Work request
For the data that follows, print the line with "El profesor puede", the line with "Μπλούζα βαμβακερή μακρυμάνικη", and all lines between them, exactly as they stand. Omit pictures and add nothing.

** Provided information follows **

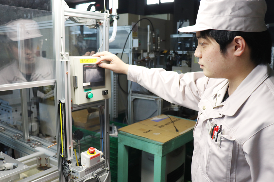 大学では知能機械工学科に所属し、ロボットを使った研究をしていました。4年間で学んだことを活かせる仕事を探していたところ、合同説明会で出合ったのが多田スミスです。ガス製品や給湯機など、自宅でも使用する身近なものを作っている点に興味をもちました。また、転勤がないことや、地元である岡山にもすぐに帰れる距離であることも、自身の条件にマッチ。初めて会社を訪問した際は、自動で加工や組み立てを行っているラインを見学させていただきました。一気に働くイメージが湧いたと同時に、ここでなら得意分野を伸ばして成長できると思いました。実際、現在作成中の生産ラインの自動化では、治具の図面を描いたり、ロボットにセンサーを使ったり、大学時代の知識や経験を活かしながらチャレンジできていると実感しています。
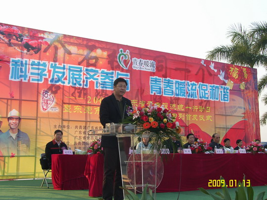 岁末将至春意浓,青春热火送暖流。由团省委、省劳动和社会保障厅、省公安厅、省司法厅、省交通厅、省文化厅、省卫生厅、省体育局、省食品药品监管局、省旅游局、广州铁路(集团)公司等11个单位联合主办,以“科学发展齐参与 青春暖流促和谐”为主题的服务进城务工青年系列活动在元旦春节期间于全省各地火热开展。今年的“青春暖流”活动围绕“平安返乡”、“就业指导”、“文化活动”三大板块,分五大项目八大类开展活动,动员全省各界力量,充分整合资源,务求服务进城务工青年,使他们度过一个健康、欢乐、祥和的春节。
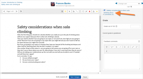 El profesor puede hacer anotaciones en archivos PDFs, docx y odt dentro de su navegador de Internet, y al guardarlo, el archivo con anotaciones se hace disponible para el estudiante. (Revise junto con su administrador que Ghostscript y un Convertidores de documento estén habilitados en caso de que Usted no pudiera hacer anotaciones en archivos subidos.) En la imagen de pantalla inferior, un archivo docx file ha sido subido y convertido, para que el profesor pueda usar las herramientas para hacerle anotaciones para comentar directamente en la tarea del estudiante:
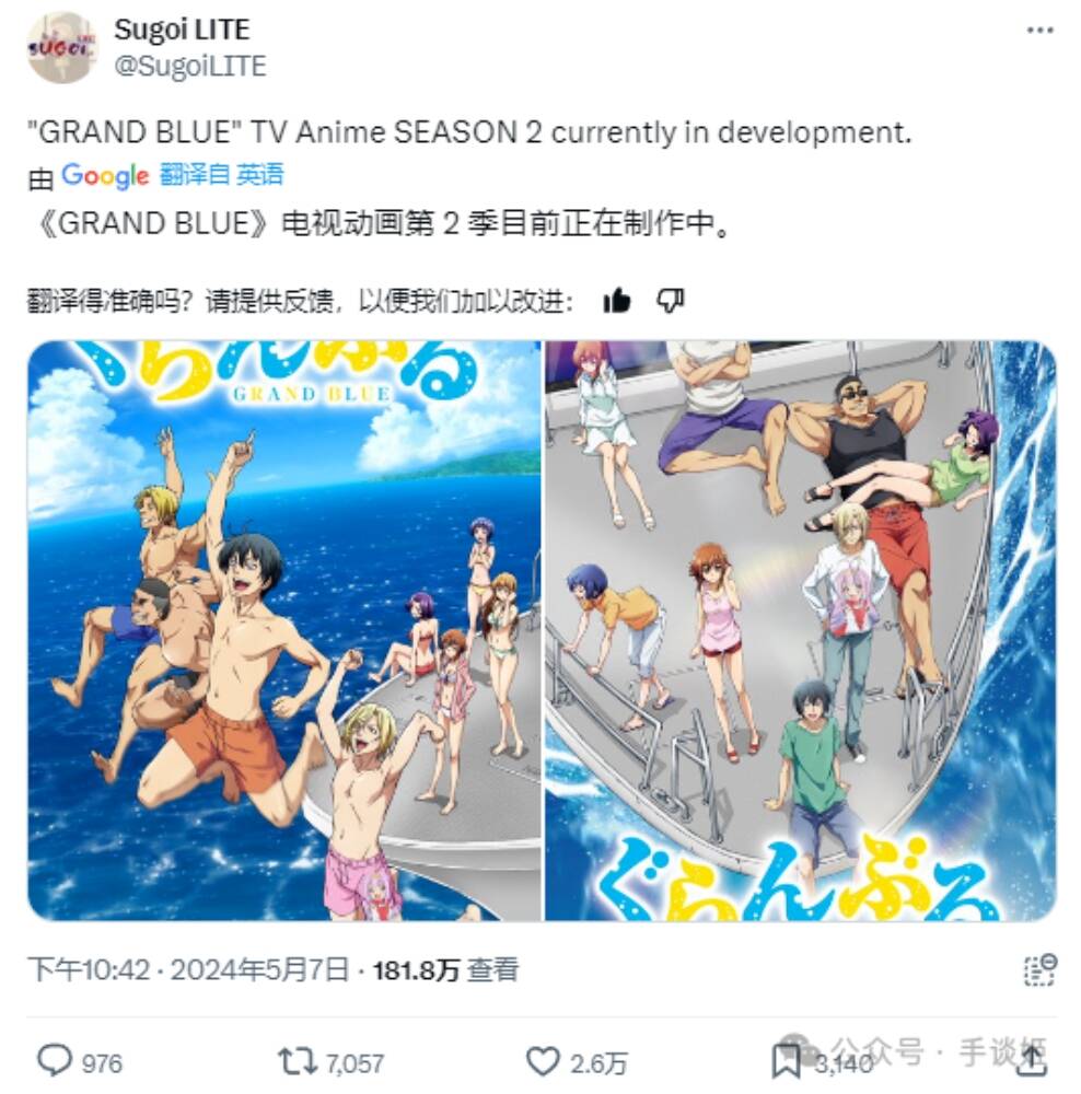 5月7日晚间,网络上传来了《碧蓝之海》第二季动画制作中的消息,引起了受众的兴奋。
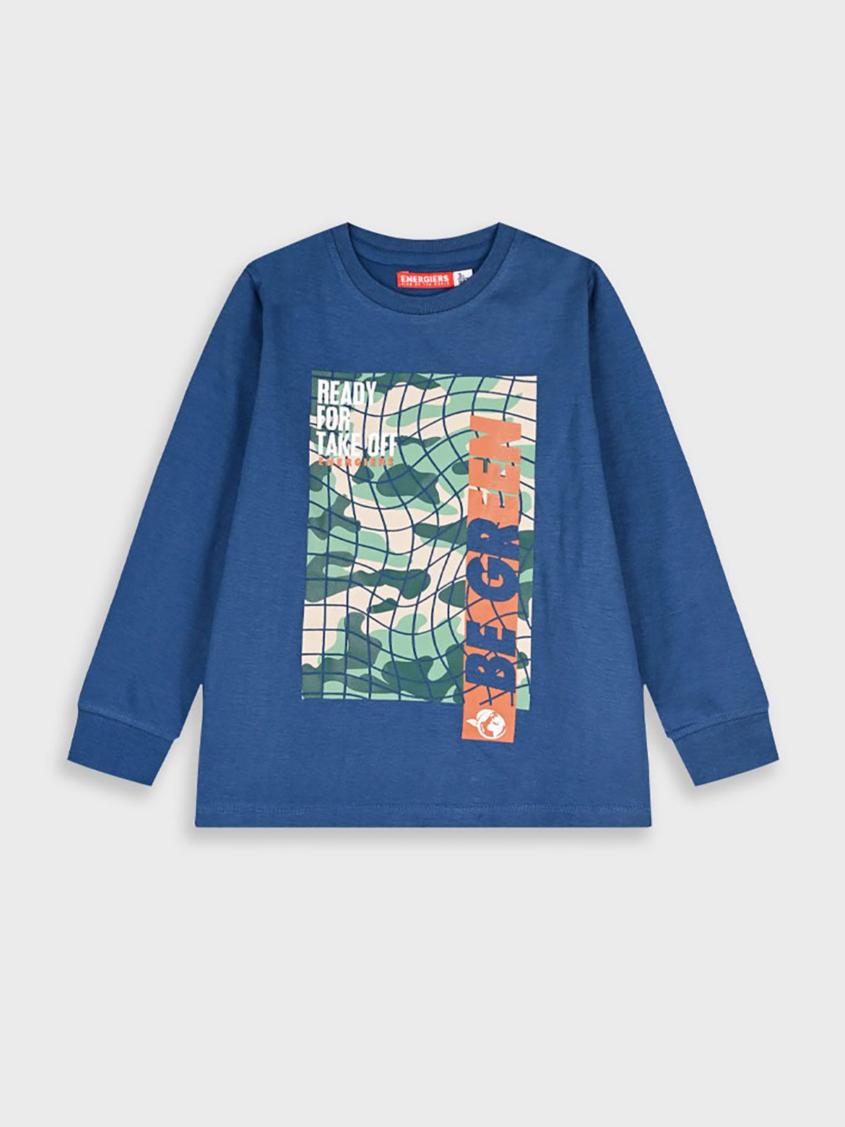 Μπλούζα βαμβακερή μακρυμάνικη με print be green μπλε
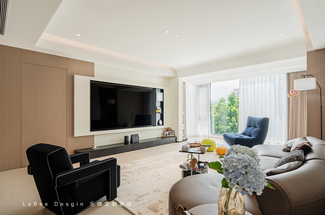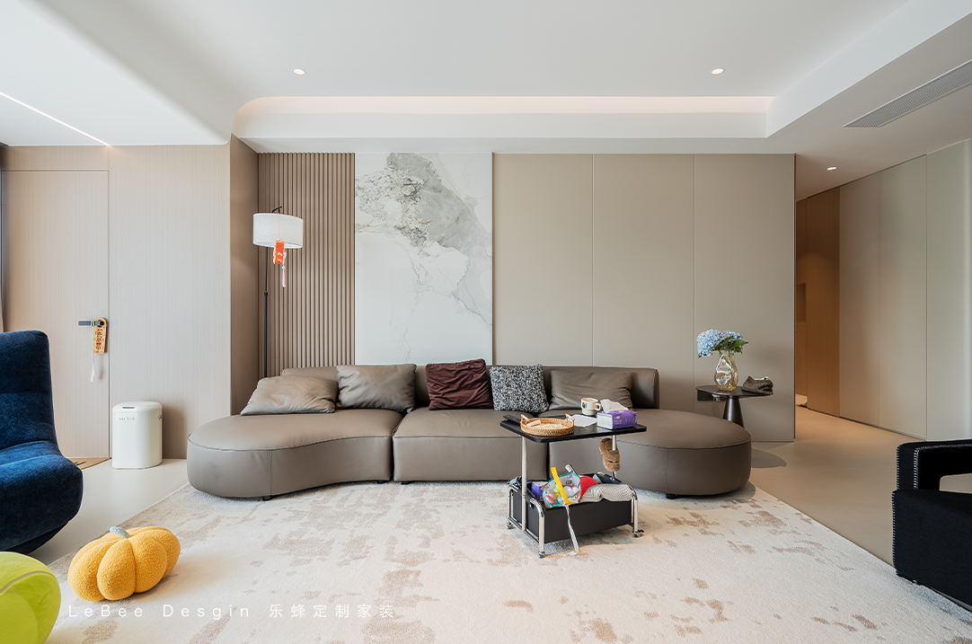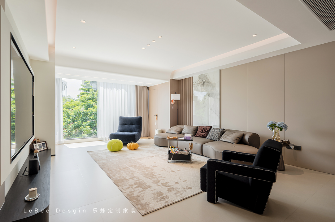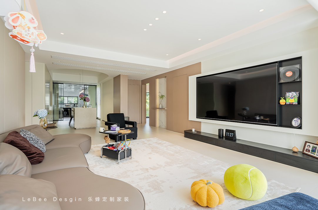 整體是一個(gè)大橫廳,淺色系搭配,墻面也不做如何復(fù)雜設(shè)計(jì),局部的黑咖色點(diǎn)綴便凸顯出了整體的層次感,看上去溫馨高級(jí)感十足。
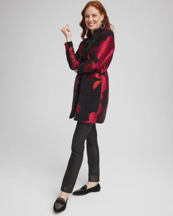 Chico’s Jackets & Coats | Red Floral Jacquard Topper Red Allure Women

** End of Provided information **

Exercise solution
 El profesor puede hacer anotaciones en archivos PDFs, docx y odt dentro de su navegador de Internet, y al guardarlo, el archivo con anotaciones se hace disponible para el estudiante. (Revise junto con su administrador que Ghostscript y un Convertidores de documento estén habilitados en caso de que Usted no pudiera hacer anotaciones en archivos subidos.) En la imagen de pantalla inferior, un archivo docx file ha sido subido y convertido, para que el profesor pueda usar las herramientas para hacerle anotaciones para comentar directamente en la tarea del estudiante:
 5月7日晚间,网络上传来了《碧蓝之海》第二季动画制作中的消息,引起了受众的兴奋。
 Μπλούζα βαμβακερή μακρυμάνικη με print be green μπλε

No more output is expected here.